Even in our sleep, pain which cannot forget

falls drop by drop upon the heart,

until, in our own despair,

against our will,

comes wisdom

through the awful grace of God.

  1. Kennedy connects these lines of the poem to the occurrences of the day and refers to the values that the United States needs: love, wisdom, compassion and justice.
  2. Kennedy admits that there will be more hardships and violence, but also credits the majority of people with wanting to live peacefully.
  3. Kennedy calls for a resolution by the people of the United States to dedicate themselves, using a Greek quote: “to tame the savageness of man, and make gentle the life of this world”.
  4. Kennedy ends by asking that his immediate audience and the people of the United States say a prayer for “our country and our people”. He walks away from the microphone.

Outcome

Although there were riots across the United Nations on this night, Indianapolis stayed calm.
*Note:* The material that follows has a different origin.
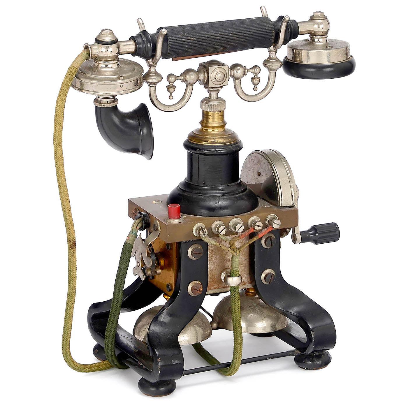 L.M. Ericsson, Stockholm. Marked "Kjobenhavns Telefon Aktieselskab", handset with speaking horn, centrifugal governor, ebonite plate, 4-pole fabric cable, wall-mounted connection disk, complete. – Desirable collector's item!

This speech is considered by many to be one of the greatest political speeches of all time.


Material drawn on for this case: two video recordings,[1] an audio recording and the text of a speech[2] available at the John F. Kennedy Presidential Library,[3] and Ray E. Boomhower’s Robert F. Kennedy and the 1968 Indiana Primary.[4]


[1] Warren, F. Robert F. Kennedy’s Martin Luther King Jr. Assassination Speech, video recording, YouTube, viewed 16 January 2018, <https://www.youtube.com/watch?v=BCrx_u3825g&t=12s>.
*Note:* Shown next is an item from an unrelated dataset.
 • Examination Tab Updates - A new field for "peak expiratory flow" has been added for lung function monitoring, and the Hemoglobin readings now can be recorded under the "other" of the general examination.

M. Azzam, The Greatest Speech Ever – Robert F Kennedy Announcing The Death of Martin Luther King, YouTube, viewed 18 January 2018, <https://www.youtube.com/watch?v=GoKzCff8Zbs&t=239s>.

[2] Kennedy, R.F. Statement on the Death of Martin Luther King, Jr., April 4, 1968, Available at: https://www.jfklibrary.org/Research/Research-Aids/Ready-Reference/RFK-Speeches/Statement-on-the-Assassination-of-Martin-Luther-King.aspx [Accessed at 16 Jan. 2018].

[3] John F. Kennedy: Presidential Library and Museum. [Online] https://www.jfklibrary.org/ [Accessed 16 Jan. 2018].

[4] Boomhower, R. E. Robert F. Kennedy and the 1968 Indiana Primary, 2008, Indiana University Press, Bloomington, Indianapolis.